You can find some examples on the example folder of this project.

Configuration

KafkaConfiguration

| Property | Type | Default | Description | | --- | --- | --- | --- | | brokers | string || List of brokers to connect to | | clientId | string | "rdkafka" | Client id to use for the connection | | securityProtocol | SecurityProtocol || Security protocol to use (PLAINTEXT, SSL, SASL_PLAINTEXT, SASL_SSL) | | logLevel | string | info | Log level for the client | | brokerAddressFamily | string | "v4" | Address family to use for the connection (v4, v6) | | configuration | Record<string, any> | {} | Additional configuration options for the client | | diagnostics | boolean | false | v3.0.0+: Enable diagnostics channel for OTEL instrumentation |

ConsumerConfiguration

| Property | Type | Default | Description | | --- | --- | --- | --- | | groupId | string || Consumer group ID | | enableAutoCommit | boolean | true | Enable automatic offset commits | | configuration | Record<string, any> | {} | Additional consumer configuration options | | fetchMetadataTimeout | number | 60000 | Timeout for fetching metadata (ms) | | maxBatchMessages | number | 1000 | Maximum messages in a batch operation |

Consumer Commit Methods

kafka-crab-js provides two methods for committing offsets:

| Method | Signature | Description | | --- | --- | --- | | commit | commit(topic, partition, offset, mode) | Traditional commit - you must calculate offset + 1 | | commitMessage | commitMessage(message, mode) | v2.1.0+: Simplified commit - automatically handles offset increment |

// Using commitMessage (recommended for v2.1.0+)
const message = await consumer.recv();
await consumer.commitMessage(message, 'Sync');

// Using commit (traditional)
const message = await consumer.recv();
await consumer.commit(message.topic, message.partition, message.offset + 1, 'Sync');

Both methods support 'Sync' and 'Async' commit modes.

ProducerConfiguration

| Property | Type | Default | Description | | --- | --- | --- | --- | | queueTimeout | number | 5000 | Queue timeout in milliseconds | | autoFlush | boolean | true | Enable automatic message flushing | | configuration | Record<string, any> | {} | Additional producer configuration options |

TopicPartitionConfig

| Property | Type | Default | Description | | --- | --- | --- | --- | | topic | string || Topic name | | allOffsets | OffsetModel || Offset configuration for all partitions | | partitionOffset | Array<PartitionOffset> || Per-partition offset configuration | | createTopic | boolean | false | v2.0.0+: Create topic if it doesn't exist | | numPartitions | number | 1 | v2.0.0+: Number of partitions when creating topic | | replicas | number | 1 | v2.0.0+: Number of replicas when creating topic |

You can see the available options here: librdkafka.
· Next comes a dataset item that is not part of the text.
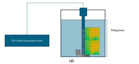 For these experiments, a vertical plane was captured using a linear probe equipped (as shown in Figure 1d) with 16 electrodes and 2 grounding electrodes, with dimensions of 20 mm by 5.5 mm. The probe was connected to an ITS P2000 ERT system from Industrial Tomography Systems Ltd., Manchester, UK. The electrodes were linked to the data acquisition system (DAS) via coaxial cables.
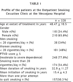 In order to characterize the profile of the outpatients, the following variables were assessed: gender; age at which the smoking habit was taken up; duration of the smoking habit; number of cigarettes smoked by gender; number of previous attempts to quit smoking; age at the initiation of treatment; and FTND score.

OpenTelemetry Instrumentation

Note: Starting with v3.0.0, OpenTelemetry instrumentation has been moved to a separate package: kafka-crab-js-otel

Installation

npm install kafka-crab-js-otel @opentelemetry/api

Usage

import { KafkaClient } from 'kafka-crab-js'
import { enableOtelInstrumentation, endSpan } from 'kafka-crab-js-otel'

// Enable instrumentation before creating client
// Note: serviceName is configured via OTEL SDK Resource
enableOtelInstrumentation({
  metrics: { enabled: true },
})

// Create client with diagnostics enabled
const client = new KafkaClient({
  brokers: 'localhost:9092',
  clientId: 'my-app',
  diagnostics: true,
})

// For consumers, call endSpan() when done processing
const message = await consumer.recv()
// ... process message ...
endSpan(message)

For complete configuration options and examples, see the kafka-crab-js-otel README.

Examples

See comprehensive examples in the example/ directory:

example/otel-tracing-example.mjs - Complete tracing setup with Jaeger
example/otel-metrics-example.mjs - Metrics collection with Prometheus
example/README.md - Full documentation for all examples

Performance Benchmarks

Running Benchmarks

kafka-crab-js v2.0.0+ includes a comprehensive benchmark suite to compare performance against other popular Kafka clients:

# Set up benchmark environment (requires Kafka running locally)
pnpm add -D tsx  # For running TypeScript files directly
npx tsx benchmark/utils/setup.ts

# Run consumer performance benchmarks
node benchmark/consumer.ts

Benchmark Results

Benchmarks run on macOS with Apple M1 chip processing 50,000 messages (December 2024)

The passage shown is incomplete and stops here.